田中氏は1月9日に投稿・公開した「トランプの米州主義と日本」(https://tanakanews.com/250109japan.php、有料記事=https://tanakanews.com/intro.htm=なお1年分は1500円と購読料は半額に値下げされた)で、「世界は、すでに多極型に転換している。以前の米覇権体制は、米英が世界の政治・経済の重要事項をすべて監視し、動かしていた。他の諸国が勝手な動きをすると、米英に制裁された。しかしウクライナ開戦後、BRICSは自分たちの国際システムとして、米英に相談しないで独自のものを構築した(貿易、金融、安保など)。米英は、BRICSの国際システムに介入できない。米覇権の外側に、非米側のBRICSシステムが立ち上がった。この過程は、昨秋の露カザンBRICSサミットで一段落した。世界は昨秋、多極型に転換したといえる。BRICSが多極型世界の準備完了」としている。

米国単独派遣体制とその従属国は、トランプ2.0によって崩壊し、政治的に混迷する。トランプ次期大統領が1月20日の大統領正式就任後にプーチン大統領と首脳会談を行う準備を進めているのも、多極型文明世界の幕開けを象徴するものだろう(https://www3.nhk.or.jp/news/html/20250111/k10014690471000.html)。

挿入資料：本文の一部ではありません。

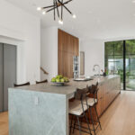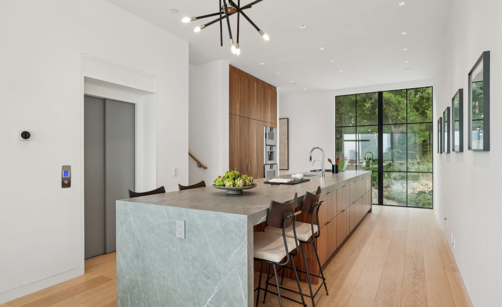An expanse of Fleetwood windows open up the living room to the outdoors, and just above, the dining area and kitchen occupy an entire level. All interior levels are served by a fully automated elevator.

トランプ次期大統領はBRICS加盟諸国に関税引き揚げなどの報復をすると言ったが、トランプ氏も政治的立場からホンネと建前を使い分ける。BRICSを中心とした非米側陣営諸国の興隆を阻止することはできないし、米国単独覇権体制を崩壊させるからそのつもりもないだろう。なお、同氏はウクライナのゼレンスキー大統領やイェルマーク大統領府長官に指示を与えている、要注意の英国スターマー労働党政権の動向を監視していると見られる。

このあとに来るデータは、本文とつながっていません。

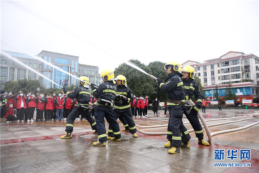 1月10日,在貴州省黔東南苗族侗族自治州丹寨縣舉行的“警營開放日”活動中,消防隊員現場展示滅火技能。新華網發(黃曉海 攝)

アメリカのトランプ次期大統領が、ロシアのプーチン大統領との首脳会談について準備していると発言したことに対し、ロシア大統領府の報道官は「歓迎すべきことだ」と述べ、前向きな姿勢を示しました。アメリカのトランプ次期大統領は9日、ロシアのプーチン大統領との首脳会談の見通しについて記者から問われたのに対し「彼は会いたがっており、われわれは準備している」と述べました。

これについて、ロシア大統領府のペスコフ報道官は10日、「トランプ氏は対話を通じて問題を解決する用意があると宣言しているが、それは歓迎すべきことだ」と述べ、首脳会談に前向きな姿勢を示しました。一方で「まだ具体的な動きはない。しかし、おそらくトランプ氏が大統領執務室に入ったあと、何らかの動きがあるだろう」と述べ、トランプ氏の大統領就任後に具体的な動きが出てくるだろうという見方を示しました。

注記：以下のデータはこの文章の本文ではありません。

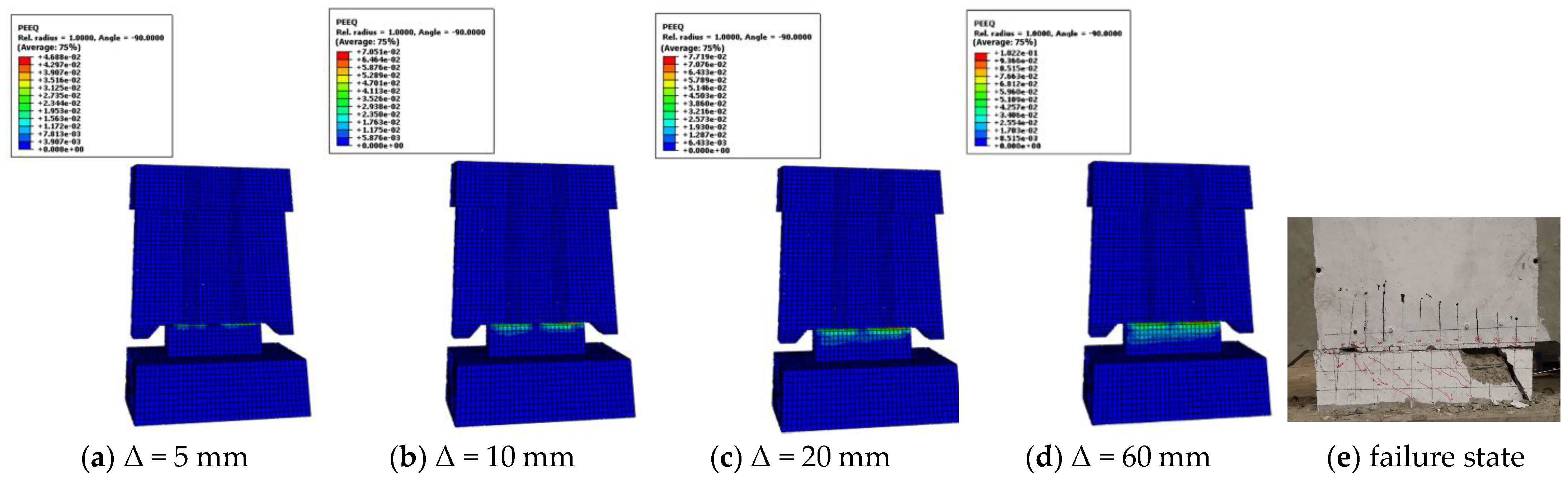 4.2. Comparison of Failure Patterns in Finite-Element Models

トランプ2.0政権は、米州主義の基盤創造に尽力しながら、ウクライナ戦争を始め中東情勢の安定化につとめ、東アジアの中国・台湾問題、南北朝鮮問題の解決、日米同盟の見直しなと、米国単独派遣体制を潰し、新たな多極化文明体制を築く大転換政策に取り組み始めるだろう。ただし、サイト管理者としては、米側陣営と非米側陣営が対立し、鎖国のような状態になるのは問題があるとの認識だ。対立を乗り越えて、世界の主要な文明体制が調和の方向に進み、新たな統一文明圏を創造していくことが、現代の人類に課せられた使命だと想定している。そのためにはやはり、欧米文明の根幹になり、近現代科学技術に基づいた資本主義体制を築き上げたアタナシウス派キリスト教の限界を乗り越え、超克する必要があるだろう。そして、統一文明の創造に向けて政治・経済・社会・軍事のすべての面から、新たな政策を提言、実行していかなければならない。まずは、ドル基軸通貨体制に代替できる国際決済システムの構築が必要だ。